Anne-May dagegen schien das alles nicht so viel zu bedeuten. Sie meinte nur,
dass er doch irgendwann wieder so eine Reise machen könne, und verstand nicht,
dass er sie nie wieder so machen konnte wie damals: so naiv und hoffnungsvoll,
und mit ihr zusammen.
     
    Zu Hause im Trailer lernte Francis als Erstes Mathe,
denn sie hatten morgen einen Test, und er war letztes Jahr vor allem wegen
Mathematik durchgefallen. In der Schule sahen ihn alle natürlich komisch an,
seit klar war, dass er Vater werden würde, aber das war ihm egal. Nachdem er
zwei Stunden gelernt hatte, sah er fern und blieb an einem Bericht über Eminem
hängen. Es hieß, dass er vorerst keine Musik mehr mache und medikamentensüchtig
sei. Bei dem Versuch, auf seinen verschiedenen Persönlichkeiten zu balancieren,
war er abgestürzt.
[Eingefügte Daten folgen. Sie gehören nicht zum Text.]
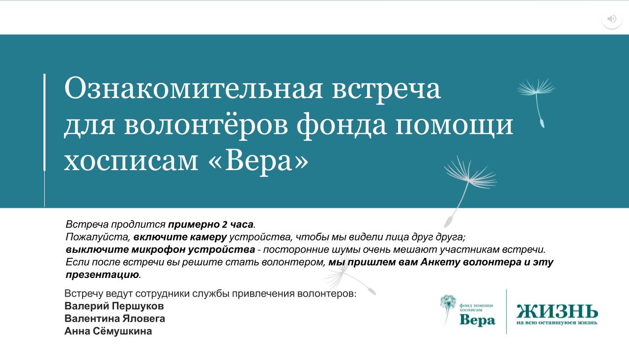 Запись ознакомительной встречи для волонтеров фонда помощи хосписам "Вера"

Der Star war in die Dunkelheit abgetaucht, der
Versager-Vater aus dem Trailerpark hatte die Oberhand gewonnen.
    Francis schaltete den Fernseher wieder aus und nahm
sich eines der Bücher, die Anne-May ihm geschenkt hatte. Es ging um die
Wheelers, ein kaputtes Ehepaar, das in den fünfziger Jahren nach Paris zog.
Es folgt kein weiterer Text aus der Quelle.